Objective 6-Mercaptopurine (6-MP) is an oral purin analogue which inhibits the purine synthesis via being converted to ribonucleotide. 6-MP is being widely used in cancer chemotherapy and immunosuppressive therapy. The major side effects which limit its clinical practice are hepatotoxicity and bone marrow suppression. In this study, the protective effect of Capparis ovata (CAP) which is an antioxidant plant, against the hepatotoxicity induced by 6-MP is investigated.
Methods Thirty-eight paediatric rats were seperated into four groups. We administered saline solution to the control group (C) (n:8), 6-Mercaptopurine to the second group (6-MP) (n:10), Capparis ovata to the third group (CAP) (n:10) and 6-Mercaptopurine plus Capparis ovata to the last group (6-MP+CAP) (n:10) for 14 days, respectively. On the fifteenth day, we measured complete blood count and ALT, AST for hepatotoxicity. Glutathione peroxidase (GSH-Px), superoxide dismutase (SOD), catalase (CAT) and malondialdehyde (MDA) levels were measured to show oxidative stress. All analyses were made with SPSS program and p < 0.05 was considered statistically significant.

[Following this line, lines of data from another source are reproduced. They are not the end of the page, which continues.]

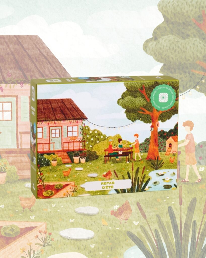 Repas d’été – Les Editions Heol Collaboration avec Les Editions Heol pour la réalisation d’un puzzle 1000 pièces : « e puzzle vous invite à prolonger l’été. Réalisée à l’aquarelle, cette scène vous embarque dans ce doux jardin avec un potager, des poules, des jolies plantes et un bon repas en plein air. » Client : Les Editions Heol Date : Février 2024 Catégorie similaire : Repas d’été – Les Editions HeolEditionThe Urban Explorers Collection – Paper and CitiesEditionMes Rituels Japonais – Editions LeducEditionBalade en forêt – Trevell PuzzleEditionThe Urban Explorers Collection – Paper and CitiesEditionCafé Botanique – Trevell PuzzleEditionCarnets de Voyage – Vio VadrouilleEdition
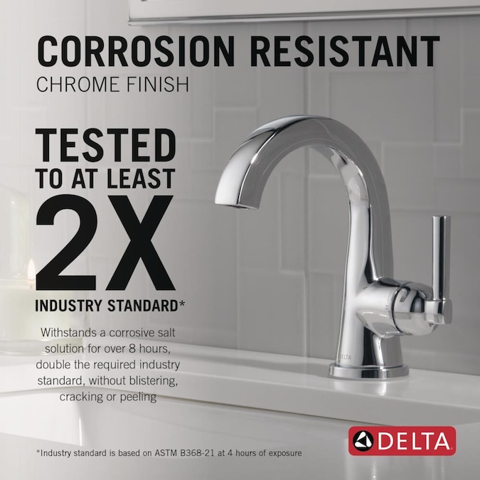 - CORROSION-RESISTANT FINISH: DeltaChrome bathroom faucet finish is intentionally engineered for durability and tested for corrosion resistance to at least 2 times industry standards
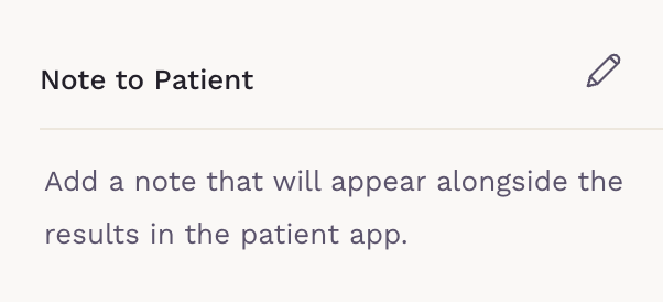 - Note to patient, which will appear with the result in the SigmaMD Patient App. The patient will be notified.
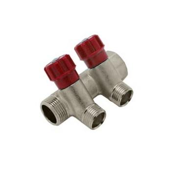 Коллектор с краном ST SM-8042R 3 / 4" F-Mх(2 x1 / 2") латунь (красный маховик)
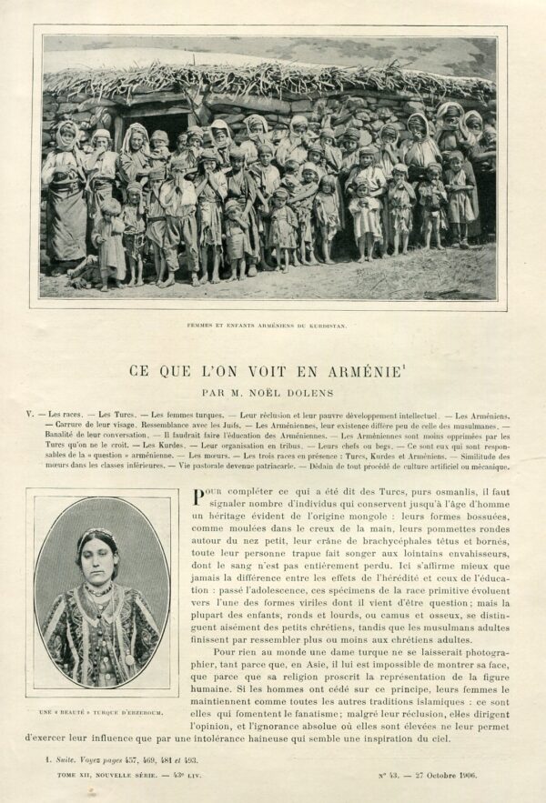 Armenia: 27 October 1906 dated Le Tour Du Monde #43, section titled ‘Ce que l’on voit en Arménie’ by Noel Dolens. 12 printed pages with 15 images (one full page). 231 x 301 mm. Costumes, Kurdistan, Erzurum, Erzincan, Siirt, Muş etc.

Results Transaminase levels were high, thrombocyte and leukocyte levels were low in 6-MP group than control group. There was no difference between 6-MP+CAP and control group for transaminase levels and leukocyte numbers. Superoxide dismutase, glutathione peroxidase, catalase levels were low and malondialdehyde level was high in both blood and tissue samples of 6-MP group when compared to 6-MP+CAP group (p < 0.05).
Conclusion These findings suggest that C. ovata may prevent against some haematological and biochemical side-effects induced by 6-MP in rats. The histopathologically proven hepatotoxicity and bone marrow suppression induced by 6-MP via increasing the lipid peroxidation, synthesis of free oxygen species and decreasing the antioxidant enzyme activity may be prevented concomitant CAP administration. This study, first in the literature, examined the beneficial effects of C. ovata administration against 6-MP chemotherapy and will hopefully be a source for the future projects.